# Western pilot flies MiG-29 Fulcrum fighter jet



## observor 69 (15 Aug 2020)

How A Canadian Pilot Became The First Westerner To Fly The Feared MiG-29 Fulcrum

Readers might be forgiven for not knowing that the first Western pilot to get a chance to fly the then-Soviet Union's much-vaunted MiG-29 Fulcrum fighter jet was a Canadian. But the story of how now-retired Royal Canadian Air Force Major Bob Wade got his hands on the warplane only months before the fall of the Iron Curtain is an extraordinary one. It's relayed by Wade himself in a fascinating podcast hosted by the Cold War Conversations website, and some of the details are well worth examining.

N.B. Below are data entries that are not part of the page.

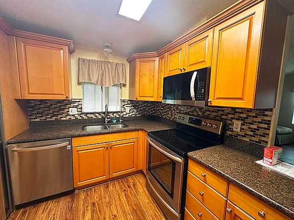 Granite countertopsSpacious patio areaSolid wood cabinetsVinyl flooringPlenty of cabinet spaceModern appliancesExtended carport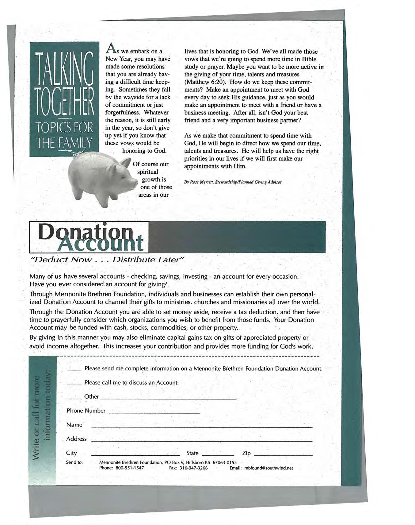 The editors invite free-lance article submissions, essays to Forum and letters to the editor. Forum is open to members or attendees of Mennonite Brethren churches. The essays can address any issue of relevance and interest to the faith and life of the Mennonite Brethren Church and should be no longer than BOO words and include the home church and occupation of the writer. A SASE must accompany articles and forum essays.
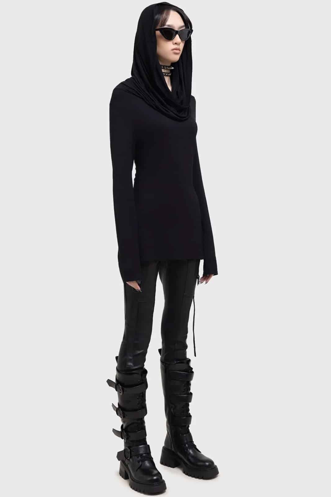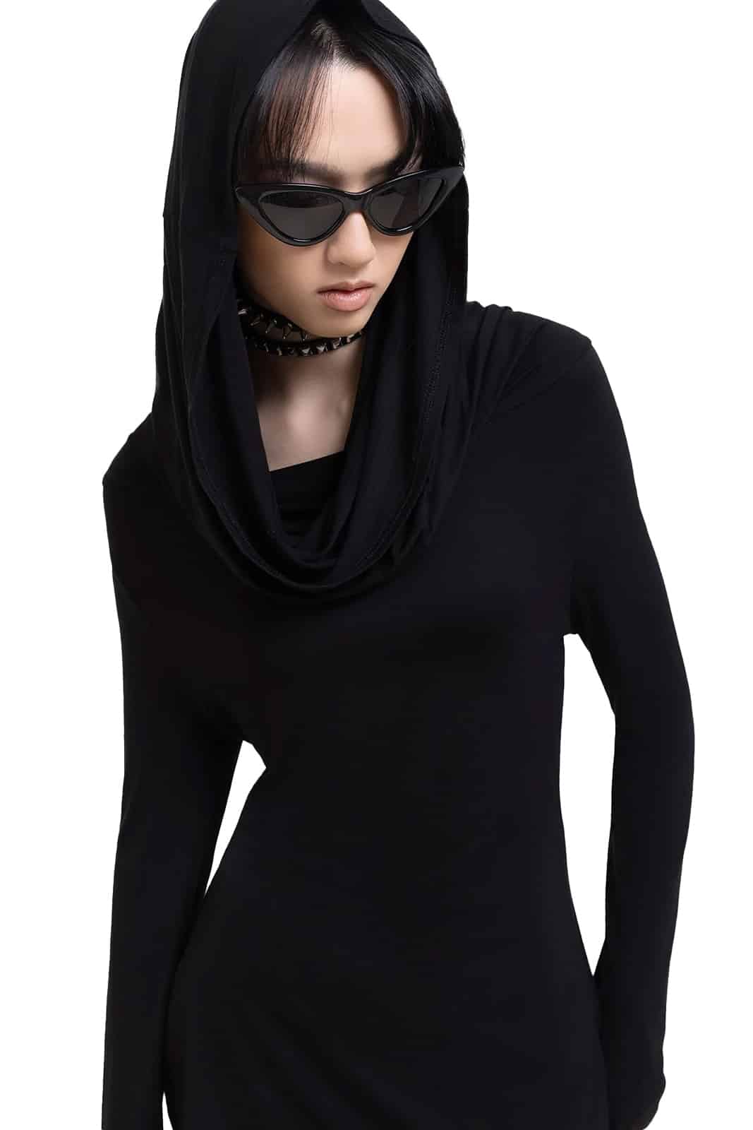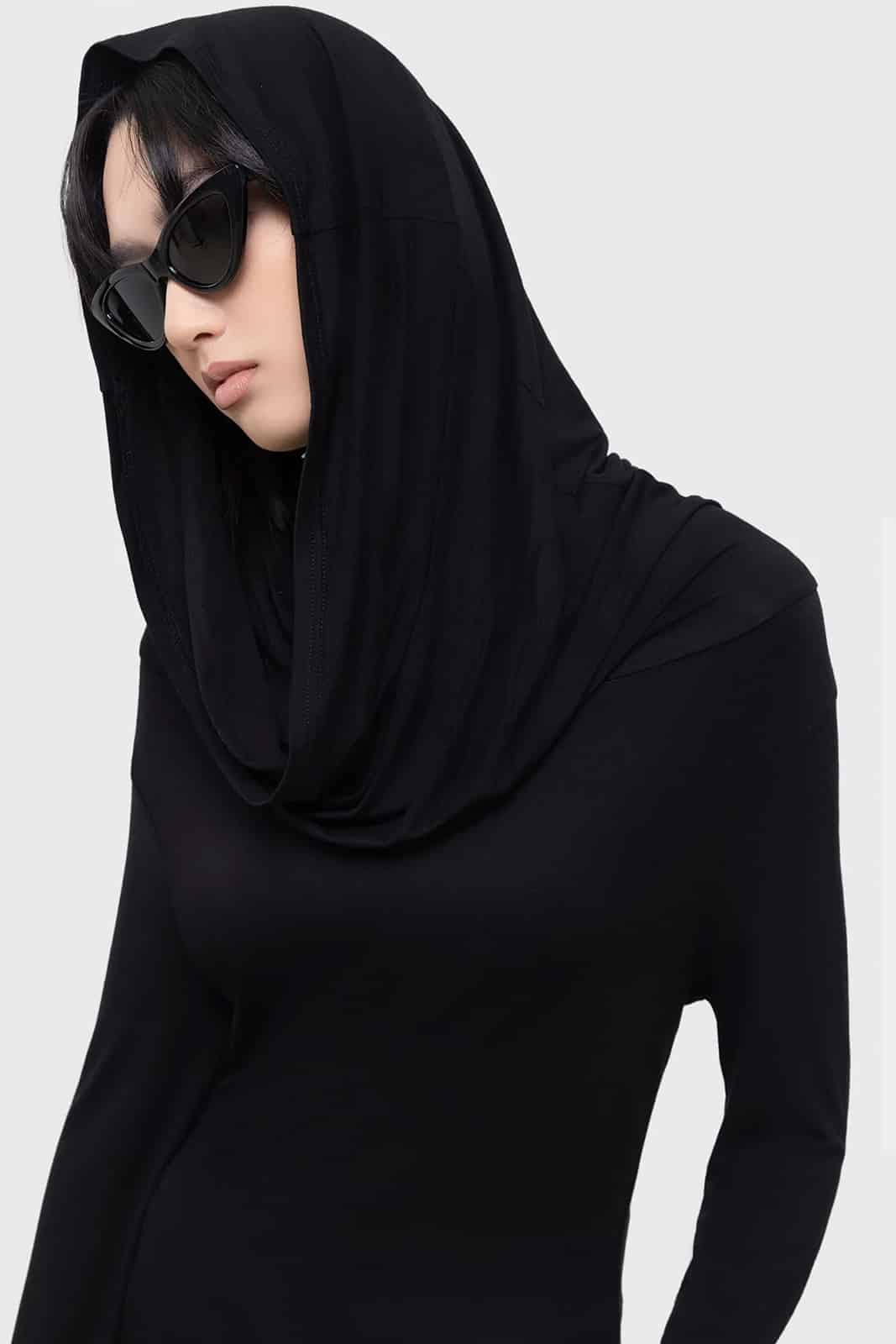 Vielseitiges Top aus weichem, dehnbarem Material mit langen Ärmel. Die dehnbare Kapuze kann sowohl schützend über den Kopf gezogen werden als auch wärmend über die Schultern gelegt werden.

The entire interview, which you can find here, is also worth listening to in full.

Having a chance to take the controls of one of your principal enemy's top-end fighters is a pretty unusual event in itself. Wade had no idea what awaited him at the 1989 Abbotsford International Airshow, where he would find himself in the front seat of a MiG-29UB combat trainer with only a rudimentary 10-minute briefing, no understanding of Russian, and a back-seater with only the most basic grasp of English.

Today, the Mikoyan MiG-29 is a familiar sight in air forces around the world, and it's perhaps hard to recall just how alarmed Western observers were when this potent fighter entered service with the Soviet Air Force in the early 1980s. At this time, the United States was so eager to evaluate Soviet-built warplanes that it went to extreme lengths to obtain them, flying them in secrecy to better understand their capabilities and giving its pilots a chance to fly against them. The most dramatic example of this was the Cold War-era Red Eagles MiG aggressor squadron, which you can learn more about here.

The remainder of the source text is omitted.